::: Extracted material :::

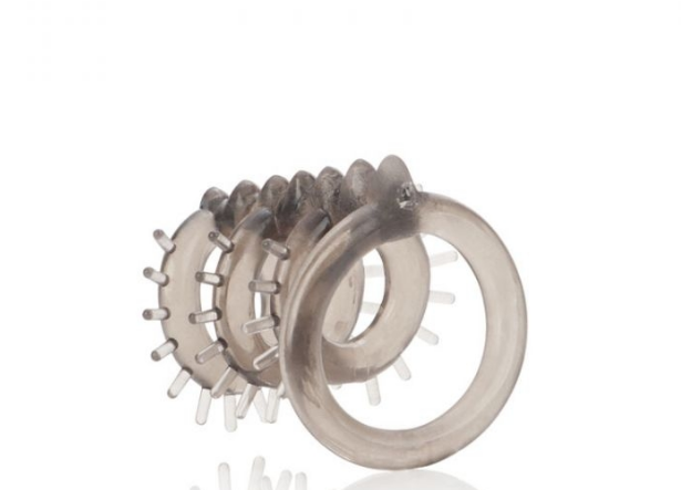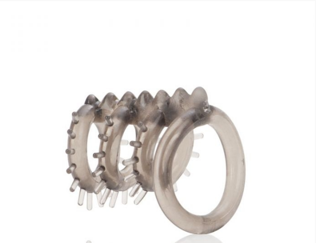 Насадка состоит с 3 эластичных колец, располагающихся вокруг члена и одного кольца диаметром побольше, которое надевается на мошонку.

:::
::: Extracted material :::

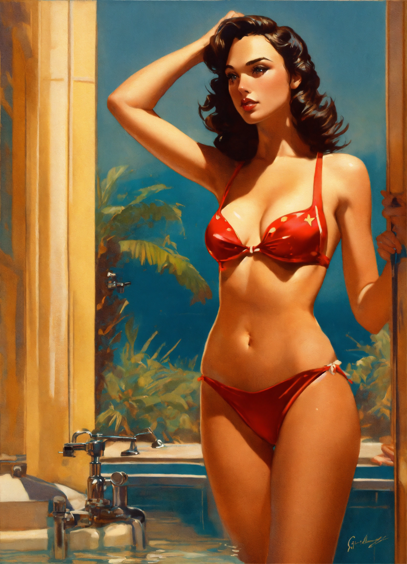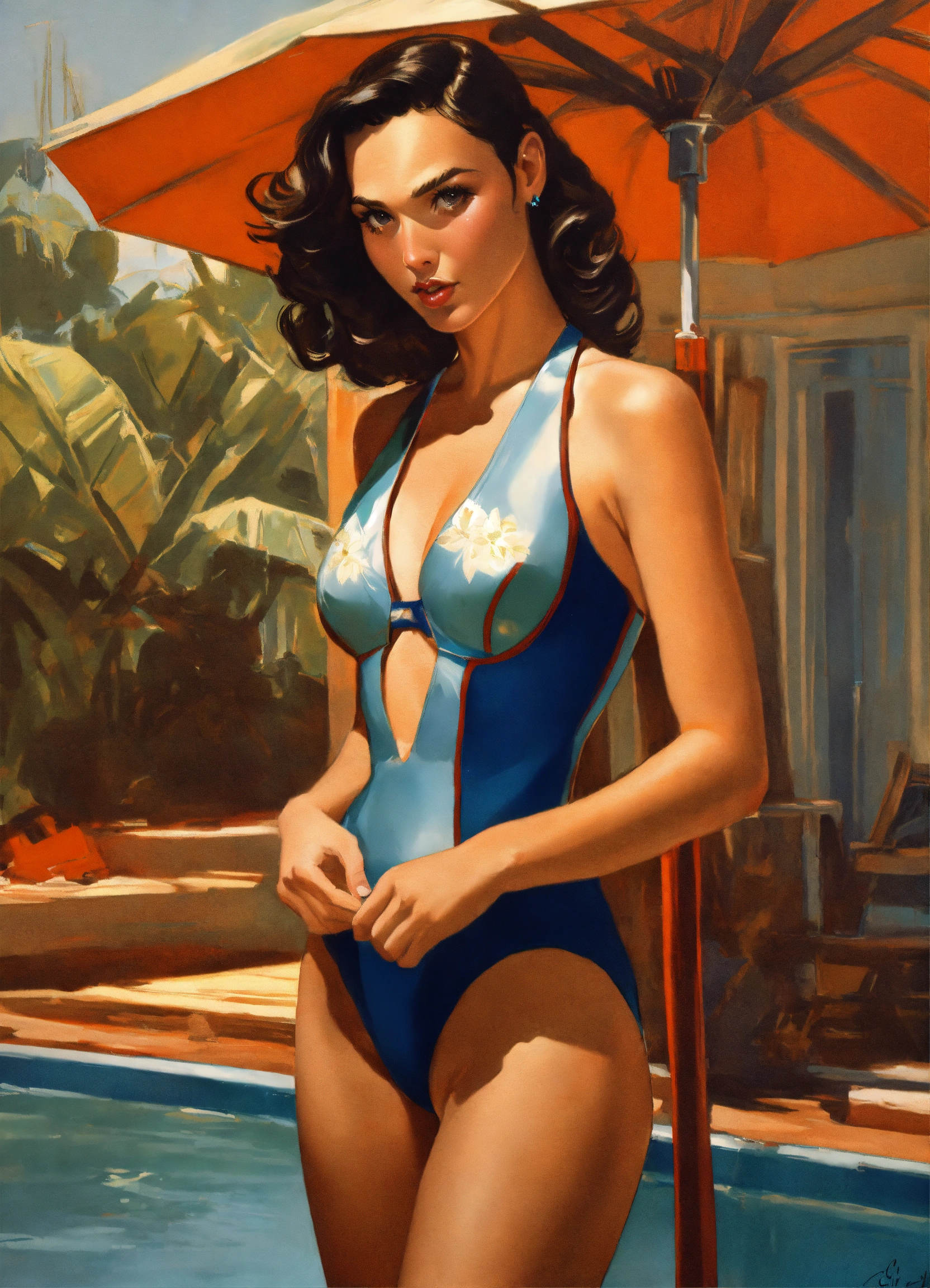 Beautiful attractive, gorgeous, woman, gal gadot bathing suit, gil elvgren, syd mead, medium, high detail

:::
::: Extracted material :::

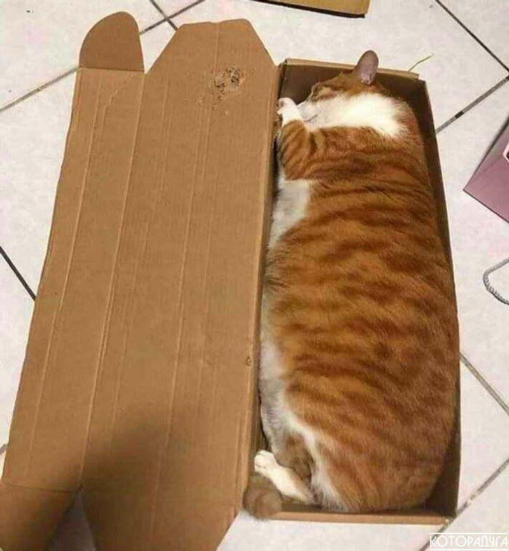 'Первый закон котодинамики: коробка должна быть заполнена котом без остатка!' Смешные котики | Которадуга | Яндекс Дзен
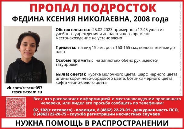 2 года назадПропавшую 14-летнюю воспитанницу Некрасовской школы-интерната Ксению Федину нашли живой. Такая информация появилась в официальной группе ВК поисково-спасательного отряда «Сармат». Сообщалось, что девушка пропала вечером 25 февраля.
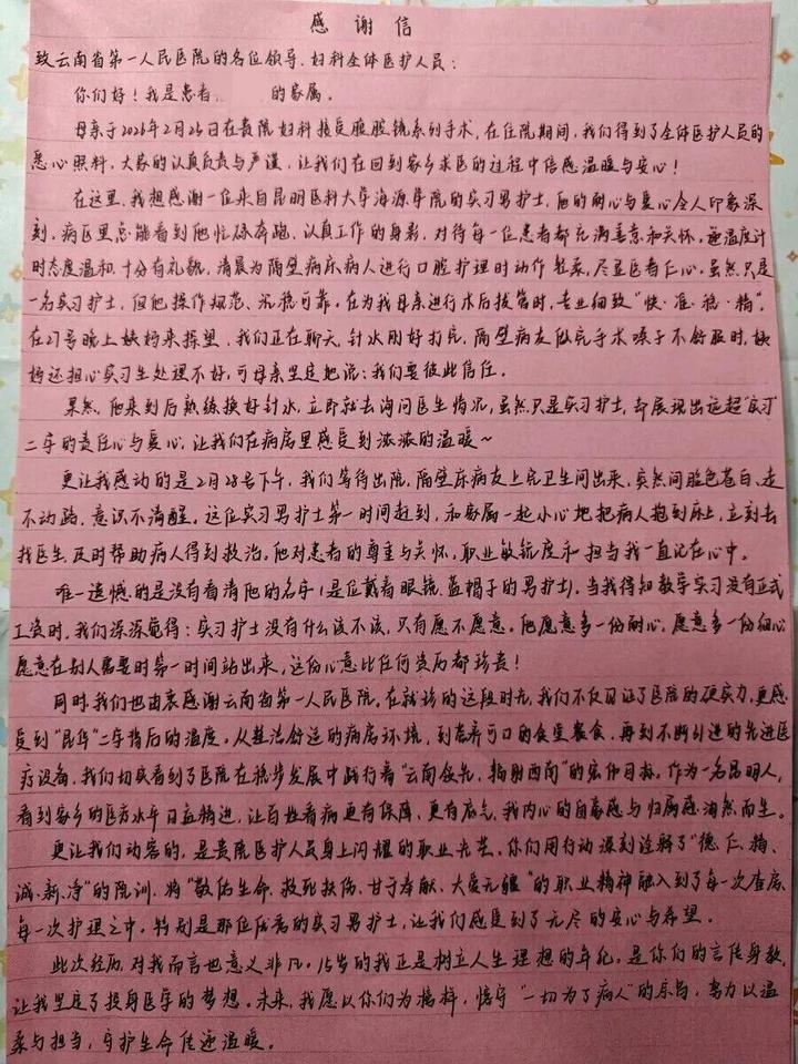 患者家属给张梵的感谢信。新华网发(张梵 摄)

:::

Only one part of the material above is wanted: the lines from the one with "Которадуга | Яндекс Дзен" up to and including the one with "患者家属给张梵的感谢信。新华网发(张梵 摄)". Please copy them exactly, pictures left out.

 'Первый закон котодинамики: коробка должна быть заполнена котом без остатка!' Смешные котики | Которадуга | Яндекс Дзен
 2 года назадПропавшую 14-летнюю воспитанницу Некрасовской школы-интерната Ксению Федину нашли живой. Такая информация появилась в официальной группе ВК поисково-спасательного отряда «Сармат». Сообщалось, что девушка пропала вечером 25 февраля.
 患者家属给张梵的感谢信。新华网发(张梵 摄)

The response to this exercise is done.